◆ **TASK PROMPT**
The entries are to be duplicated exactly, though any picture in them must be omitted.

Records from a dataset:
★ ★ ★ ★ ★ ★ ★
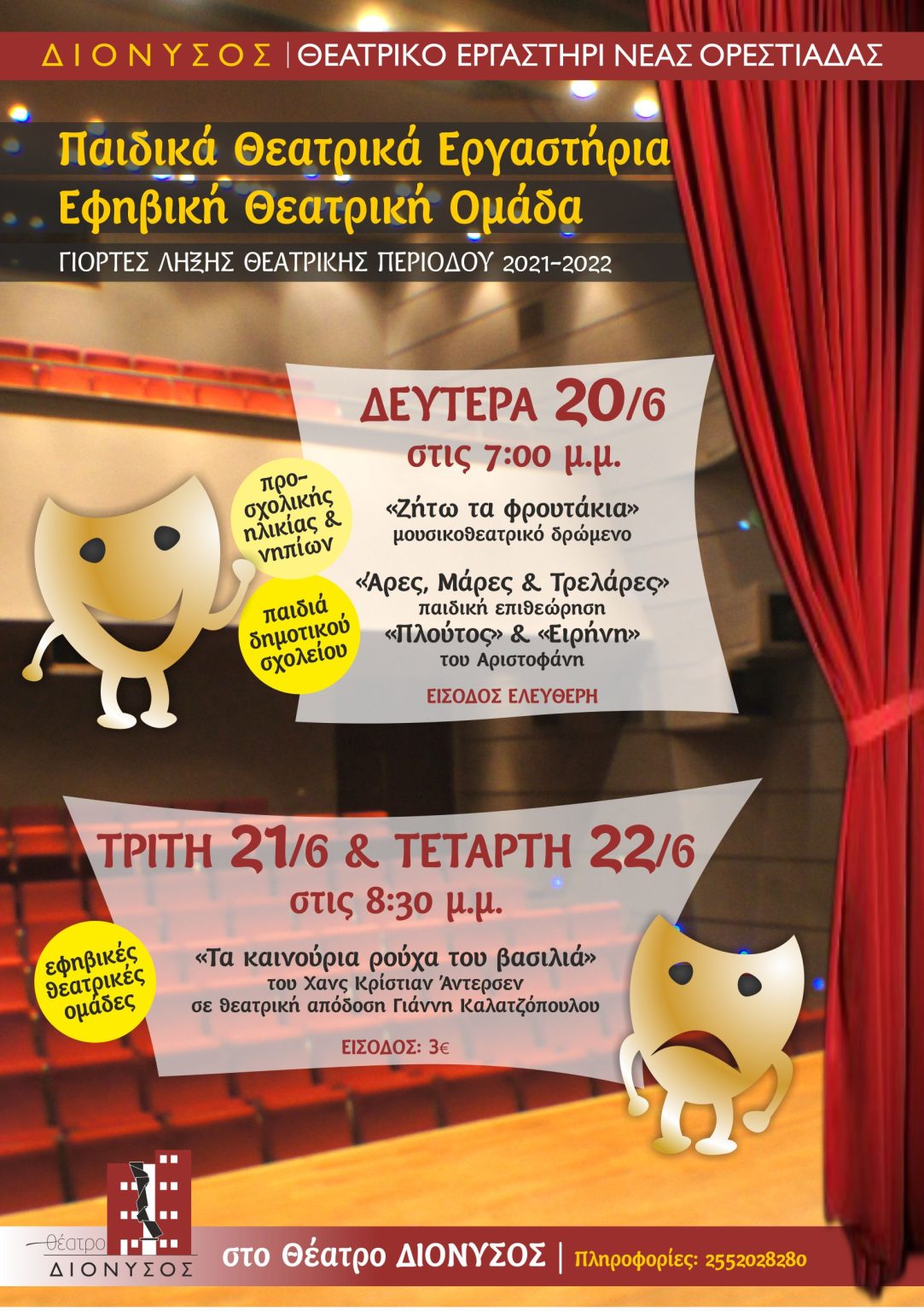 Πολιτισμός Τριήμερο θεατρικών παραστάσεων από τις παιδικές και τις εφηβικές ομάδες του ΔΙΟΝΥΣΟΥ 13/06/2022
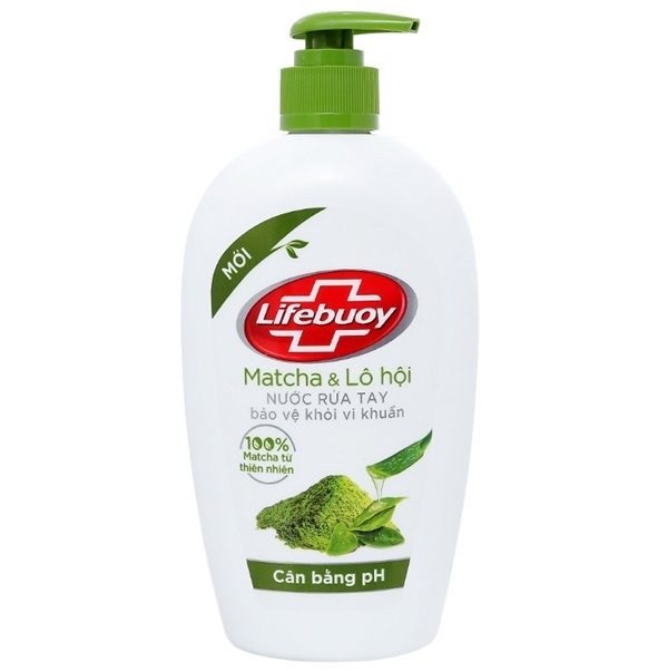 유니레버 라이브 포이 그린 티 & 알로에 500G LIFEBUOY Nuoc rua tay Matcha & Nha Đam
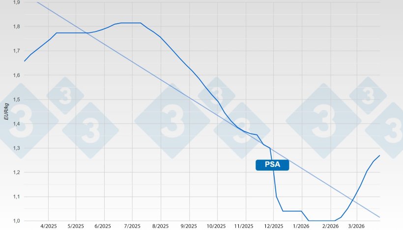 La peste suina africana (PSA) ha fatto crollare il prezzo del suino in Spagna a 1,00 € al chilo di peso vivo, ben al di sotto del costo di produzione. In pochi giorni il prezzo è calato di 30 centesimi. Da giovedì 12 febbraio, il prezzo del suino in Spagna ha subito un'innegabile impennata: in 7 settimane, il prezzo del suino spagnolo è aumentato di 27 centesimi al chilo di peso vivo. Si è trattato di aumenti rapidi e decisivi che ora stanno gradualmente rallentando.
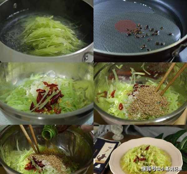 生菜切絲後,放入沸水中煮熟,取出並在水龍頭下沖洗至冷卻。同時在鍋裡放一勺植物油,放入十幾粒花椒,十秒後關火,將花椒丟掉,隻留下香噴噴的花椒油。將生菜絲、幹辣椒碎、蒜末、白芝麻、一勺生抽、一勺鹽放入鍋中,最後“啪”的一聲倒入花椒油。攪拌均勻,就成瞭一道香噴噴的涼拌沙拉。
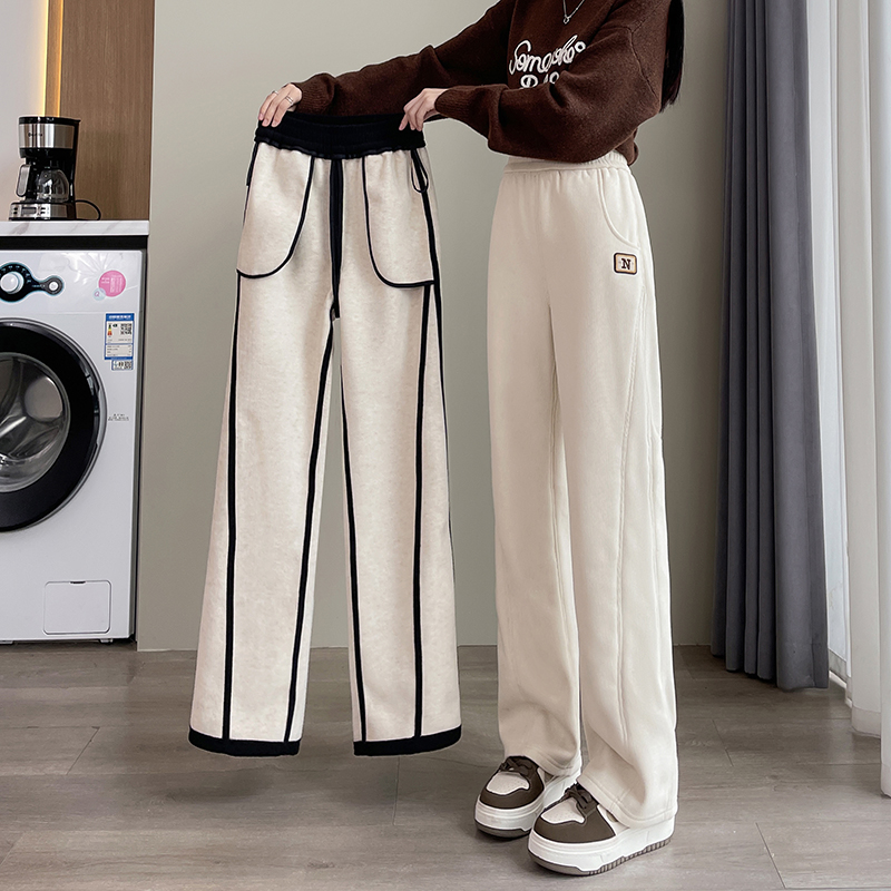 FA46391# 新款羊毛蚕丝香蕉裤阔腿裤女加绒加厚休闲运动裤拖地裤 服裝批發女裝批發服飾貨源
★ ★ ★ ★ ★ ★ ★
◆ **THE ANSWER**
 Πολιτισμός Τριήμερο θεατρικών παραστάσεων από τις παιδικές και τις εφηβικές ομάδες του ΔΙΟΝΥΣΟΥ 13/06/2022
 유니레버 라이브 포이 그린 티 & 알로에 500G LIFEBUOY Nuoc rua tay Matcha & Nha Đam
 La peste suina africana (PSA) ha fatto crollare il prezzo del suino in Spagna a 1,00 € al chilo di peso vivo, ben al di sotto del costo di produzione. In pochi giorni il prezzo è calato di 30 centesimi. Da giovedì 12 febbraio, il prezzo del suino in Spagna ha subito un'innegabile impennata: in 7 settimane, il prezzo del suino spagnolo è aumentato di 27 centesimi al chilo di peso vivo. Si è trattato di aumenti rapidi e decisivi che ora stanno gradualmente rallentando.
 生菜切絲後,放入沸水中煮熟,取出並在水龍頭下沖洗至冷卻。同時在鍋裡放一勺植物油,放入十幾粒花椒,十秒後關火,將花椒丟掉,隻留下香噴噴的花椒油。將生菜絲、幹辣椒碎、蒜末、白芝麻、一勺生抽、一勺鹽放入鍋中,最後“啪”的一聲倒入花椒油。攪拌均勻,就成瞭一道香噴噴的涼拌沙拉。
 FA46391# 新款羊毛蚕丝香蕉裤阔腿裤女加绒加厚休闲运动裤拖地裤 服裝批發女裝批發服飾貨源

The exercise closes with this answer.